What you are asked to do
Retype the following data exactly, but leave its pictures out.

Dataset records
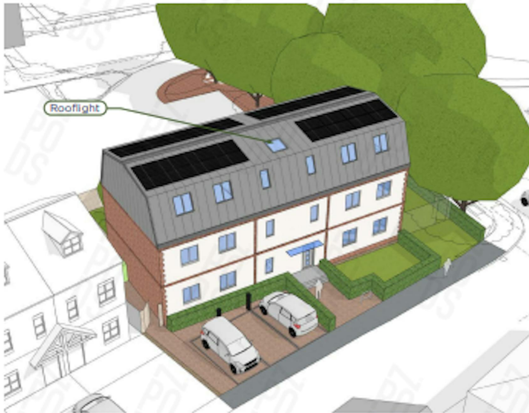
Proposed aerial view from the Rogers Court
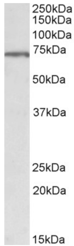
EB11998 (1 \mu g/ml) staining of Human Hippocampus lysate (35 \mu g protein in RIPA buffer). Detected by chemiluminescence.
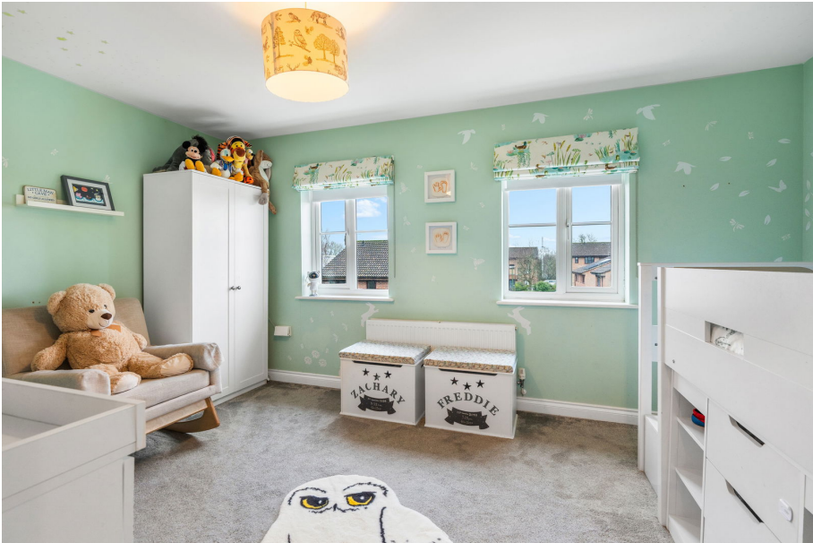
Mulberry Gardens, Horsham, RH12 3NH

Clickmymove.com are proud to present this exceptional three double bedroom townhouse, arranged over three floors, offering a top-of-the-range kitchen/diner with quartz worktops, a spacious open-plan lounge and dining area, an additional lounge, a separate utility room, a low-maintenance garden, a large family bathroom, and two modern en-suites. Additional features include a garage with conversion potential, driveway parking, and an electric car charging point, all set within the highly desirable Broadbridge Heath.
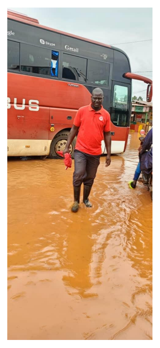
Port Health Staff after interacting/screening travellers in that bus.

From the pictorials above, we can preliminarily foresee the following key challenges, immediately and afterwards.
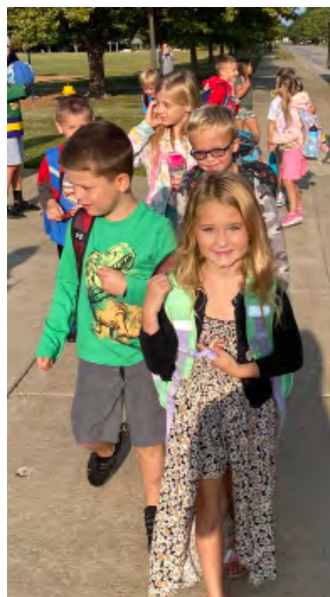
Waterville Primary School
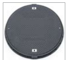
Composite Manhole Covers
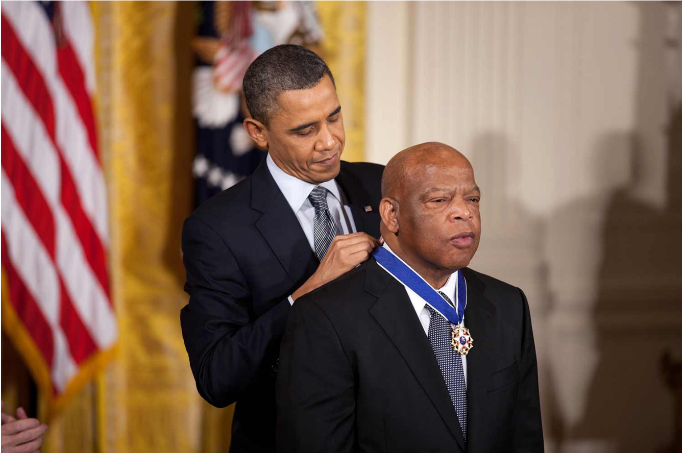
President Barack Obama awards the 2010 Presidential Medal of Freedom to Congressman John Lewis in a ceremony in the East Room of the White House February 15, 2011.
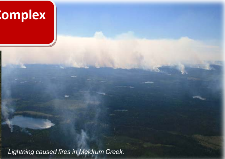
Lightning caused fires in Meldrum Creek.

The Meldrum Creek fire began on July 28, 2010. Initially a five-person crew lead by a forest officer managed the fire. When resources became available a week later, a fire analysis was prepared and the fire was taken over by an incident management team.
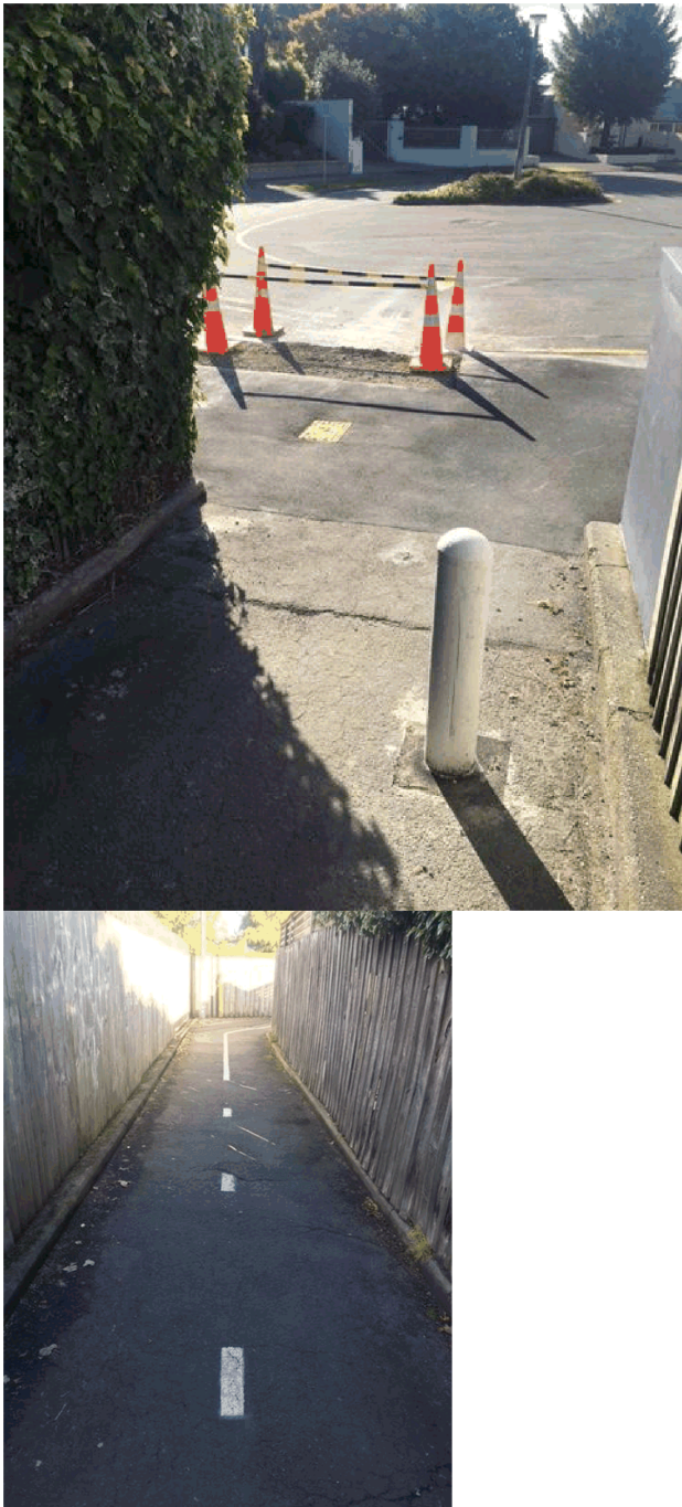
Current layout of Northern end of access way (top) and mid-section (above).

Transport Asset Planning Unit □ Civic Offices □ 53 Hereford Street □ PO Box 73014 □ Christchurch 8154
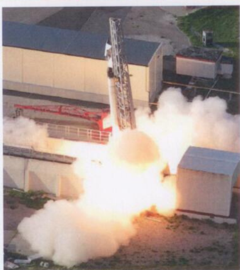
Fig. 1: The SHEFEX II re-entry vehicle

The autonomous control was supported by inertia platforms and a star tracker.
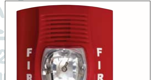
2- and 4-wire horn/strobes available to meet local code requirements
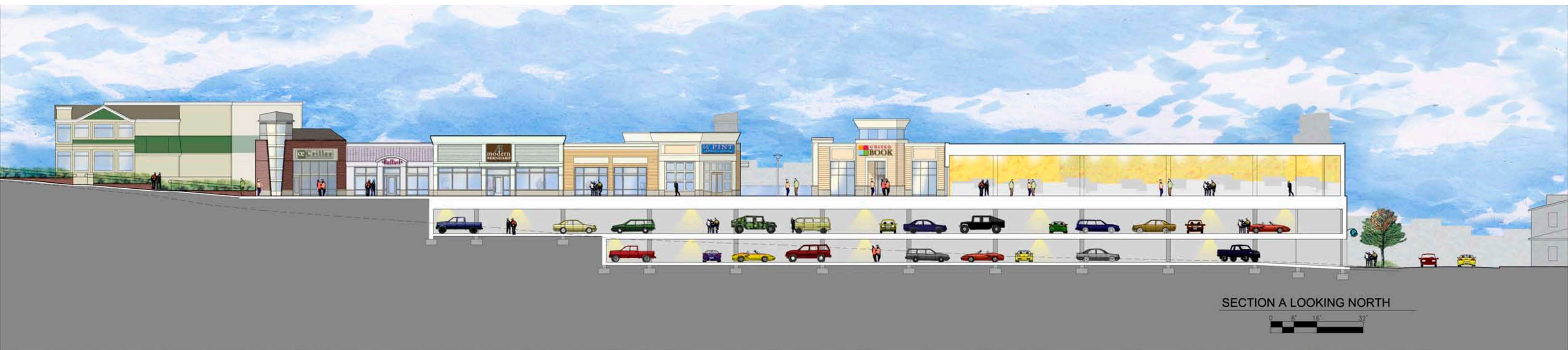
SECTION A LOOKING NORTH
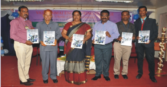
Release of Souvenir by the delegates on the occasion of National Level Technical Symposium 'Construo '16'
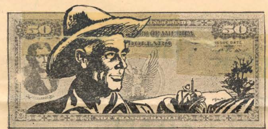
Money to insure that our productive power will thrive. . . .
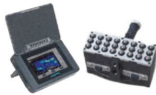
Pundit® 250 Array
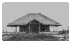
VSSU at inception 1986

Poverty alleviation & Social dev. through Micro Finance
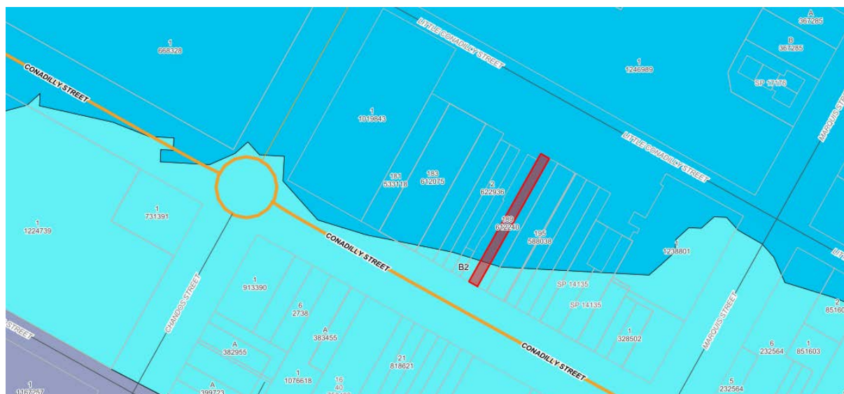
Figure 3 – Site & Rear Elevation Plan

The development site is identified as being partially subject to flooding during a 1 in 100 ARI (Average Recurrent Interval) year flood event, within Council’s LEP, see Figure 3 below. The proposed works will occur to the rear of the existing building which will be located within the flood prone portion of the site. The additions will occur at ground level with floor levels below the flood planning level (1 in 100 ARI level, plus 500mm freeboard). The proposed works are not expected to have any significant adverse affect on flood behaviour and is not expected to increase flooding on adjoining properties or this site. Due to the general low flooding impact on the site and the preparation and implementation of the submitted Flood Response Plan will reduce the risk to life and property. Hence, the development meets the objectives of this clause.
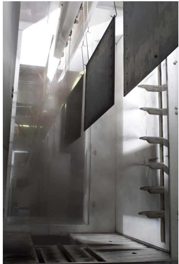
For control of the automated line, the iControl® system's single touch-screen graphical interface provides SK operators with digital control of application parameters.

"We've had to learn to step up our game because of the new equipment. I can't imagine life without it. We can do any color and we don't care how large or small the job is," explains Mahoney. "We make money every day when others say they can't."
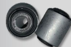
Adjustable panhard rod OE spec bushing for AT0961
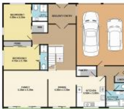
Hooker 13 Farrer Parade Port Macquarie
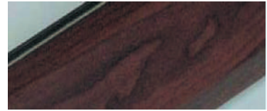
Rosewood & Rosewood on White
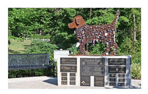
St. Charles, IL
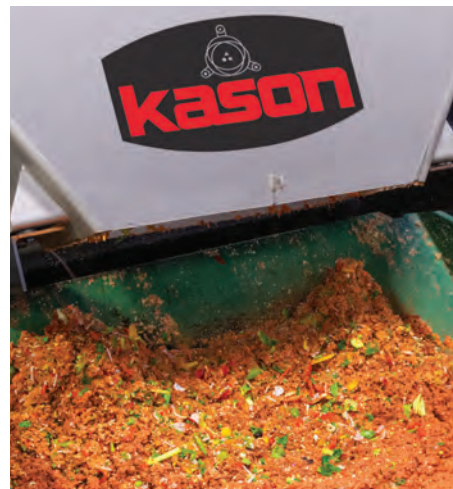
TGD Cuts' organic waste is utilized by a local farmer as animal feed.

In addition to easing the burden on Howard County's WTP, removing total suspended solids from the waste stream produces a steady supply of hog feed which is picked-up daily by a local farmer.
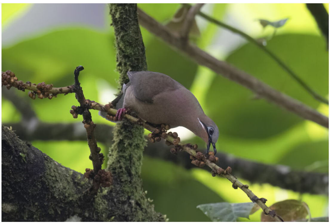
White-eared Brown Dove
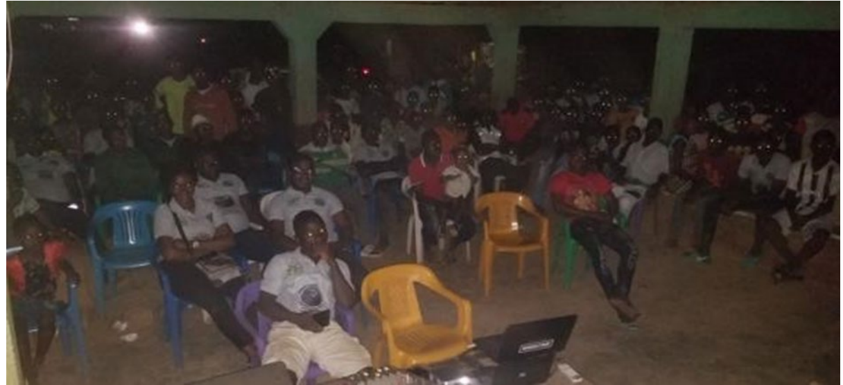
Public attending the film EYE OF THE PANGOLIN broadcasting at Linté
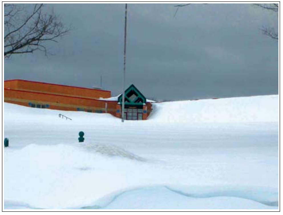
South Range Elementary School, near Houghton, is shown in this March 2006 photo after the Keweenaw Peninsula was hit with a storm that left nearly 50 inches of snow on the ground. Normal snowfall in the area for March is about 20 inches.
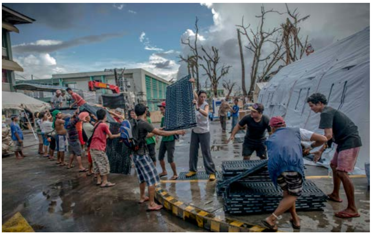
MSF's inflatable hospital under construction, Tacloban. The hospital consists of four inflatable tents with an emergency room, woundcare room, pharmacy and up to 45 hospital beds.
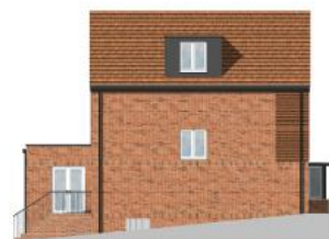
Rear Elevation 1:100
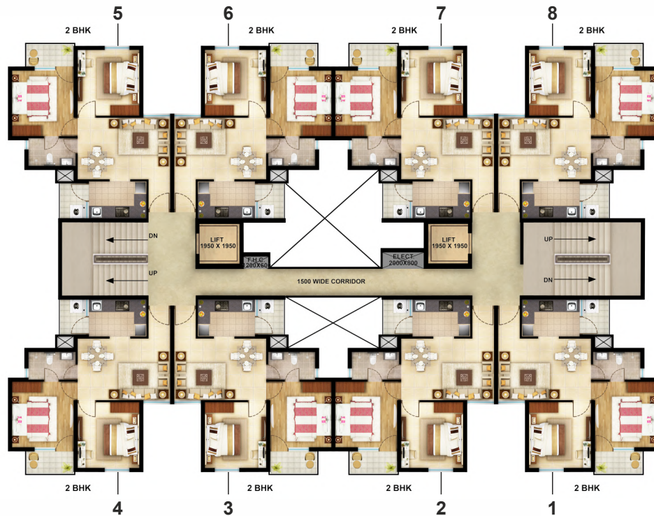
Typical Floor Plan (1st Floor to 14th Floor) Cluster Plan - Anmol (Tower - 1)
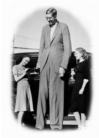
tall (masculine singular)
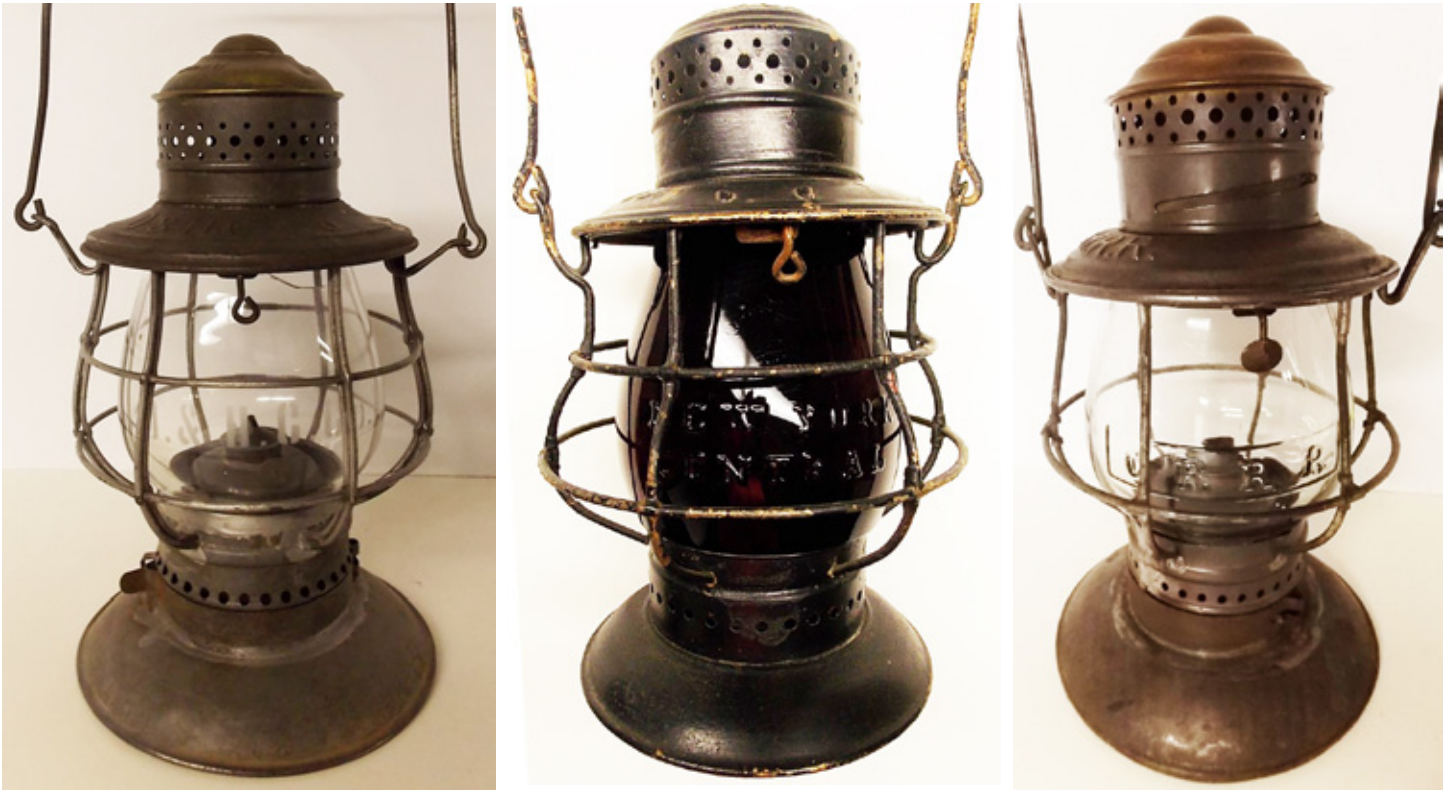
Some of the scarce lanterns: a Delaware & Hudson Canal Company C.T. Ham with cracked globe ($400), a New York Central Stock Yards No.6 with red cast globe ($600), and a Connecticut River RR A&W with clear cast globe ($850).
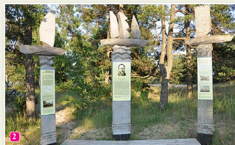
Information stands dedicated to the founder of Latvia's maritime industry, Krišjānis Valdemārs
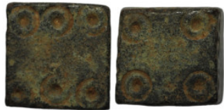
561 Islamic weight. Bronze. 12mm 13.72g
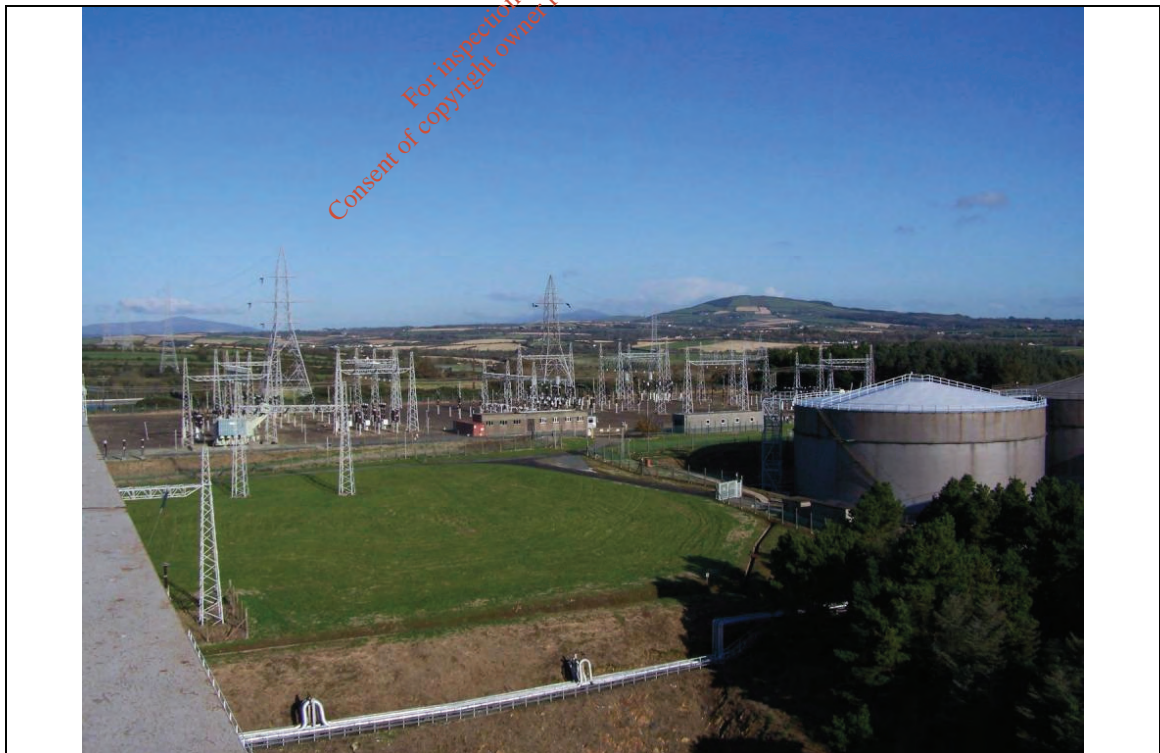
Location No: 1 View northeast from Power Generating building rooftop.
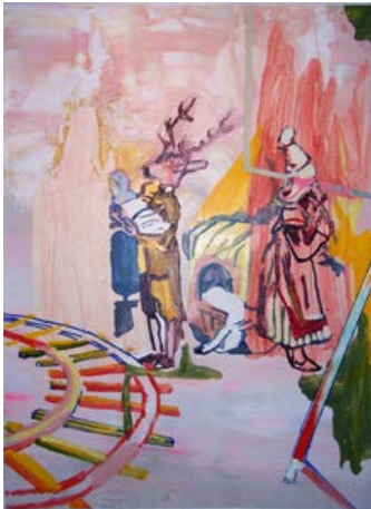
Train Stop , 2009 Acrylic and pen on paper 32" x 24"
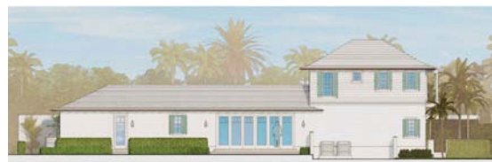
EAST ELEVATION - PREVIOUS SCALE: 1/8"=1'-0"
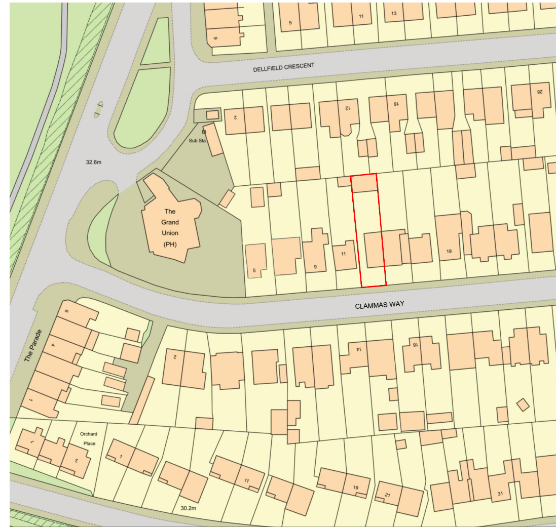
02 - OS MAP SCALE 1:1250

Exercise response
Proposed aerial view from the Rogers Court
EB11998 (1 \mu g/ml) staining of Human Hippocampus lysate (35 \mu g protein in RIPA buffer). Detected by chemiluminescence.
Mulberry Gardens, Horsham, RH12 3NH

Clickmymove.com are proud to present this exceptional three double bedroom townhouse, arranged over three floors, offering a top-of-the-range kitchen/diner with quartz worktops, a spacious open-plan lounge and dining area, an additional lounge, a separate utility room, a low-maintenance garden, a large family bathroom, and two modern en-suites. Additional features include a garage with conversion potential, driveway parking, and an electric car charging point, all set within the highly desirable Broadbridge Heath.
Port Health Staff after interacting/screening travellers in that bus.

From the pictorials above, we can preliminarily foresee the following key challenges, immediately and afterwards.
Waterville Primary School
Composite Manhole Covers
President Barack Obama awards the 2010 Presidential Medal of Freedom to Congressman John Lewis in a ceremony in the East Room of the White House February 15, 2011.
Lightning caused fires in Meldrum Creek.

The Meldrum Creek fire began on July 28, 2010. Initially a five-person crew lead by a forest officer managed the fire. When resources became available a week later, a fire analysis was prepared and the fire was taken over by an incident management team.
Current layout of Northern end of access way (top) and mid-section (above).

Transport Asset Planning Unit □ Civic Offices □ 53 Hereford Street □ PO Box 73014 □ Christchurch 8154
Fig. 1: The SHEFEX II re-entry vehicle

The autonomous control was supported by inertia platforms and a star tracker.
2- and 4-wire horn/strobes available to meet local code requirements
SECTION A LOOKING NORTH
Release of Souvenir by the delegates on the occasion of National Level Technical Symposium 'Construo '16'
Money to insure that our productive power will thrive. . . .
Pundit® 250 Array
VSSU at inception 1986

Poverty alleviation & Social dev. through Micro Finance
Figure 3 – Site & Rear Elevation Plan

The development site is identified as being partially subject to flooding during a 1 in 100 ARI (Average Recurrent Interval) year flood event, within Council’s LEP, see Figure 3 below. The proposed works will occur to the rear of the existing building which will be located within the flood prone portion of the site. The additions will occur at ground level with floor levels below the flood planning level (1 in 100 ARI level, plus 500mm freeboard). The proposed works are not expected to have any significant adverse affect on flood behaviour and is not expected to increase flooding on adjoining properties or this site. Due to the general low flooding impact on the site and the preparation and implementation of the submitted Flood Response Plan will reduce the risk to life and property. Hence, the development meets the objectives of this clause.
For control of the automated line, the iControl® system's single touch-screen graphical interface provides SK operators with digital control of application parameters.

"We've had to learn to step up our game because of the new equipment. I can't imagine life without it. We can do any color and we don't care how large or small the job is," explains Mahoney. "We make money every day when others say they can't."
Adjustable panhard rod OE spec bushing for AT0961
Hooker 13 Farrer Parade Port Macquarie
Rosewood & Rosewood on White
St. Charles, IL
TGD Cuts' organic waste is utilized by a local farmer as animal feed.

In addition to easing the burden on Howard County's WTP, removing total suspended solids from the waste stream produces a steady supply of hog feed which is picked-up daily by a local farmer.
White-eared Brown Dove
Public attending the film EYE OF THE PANGOLIN broadcasting at Linté
South Range Elementary School, near Houghton, is shown in this March 2006 photo after the Keweenaw Peninsula was hit with a storm that left nearly 50 inches of snow on the ground. Normal snowfall in the area for March is about 20 inches.
MSF's inflatable hospital under construction, Tacloban. The hospital consists of four inflatable tents with an emergency room, woundcare room, pharmacy and up to 45 hospital beds.
Rear Elevation 1:100
Typical Floor Plan (1st Floor to 14th Floor) Cluster Plan - Anmol (Tower - 1)
tall (masculine singular)
Some of the scarce lanterns: a Delaware & Hudson Canal Company C.T. Ham with cracked globe ($400), a New York Central Stock Yards No.6 with red cast globe ($600), and a Connecticut River RR A&W with clear cast globe ($850).
Information stands dedicated to the founder of Latvia's maritime industry, Krišjānis Valdemārs
561 Islamic weight. Bronze. 12mm 13.72g
Location No: 1 View northeast from Power Generating building rooftop.
Train Stop , 2009 Acrylic and pen on paper 32" x 24"
EAST ELEVATION - PREVIOUS SCALE: 1/8"=1'-0"
02 - OS MAP SCALE 1:1250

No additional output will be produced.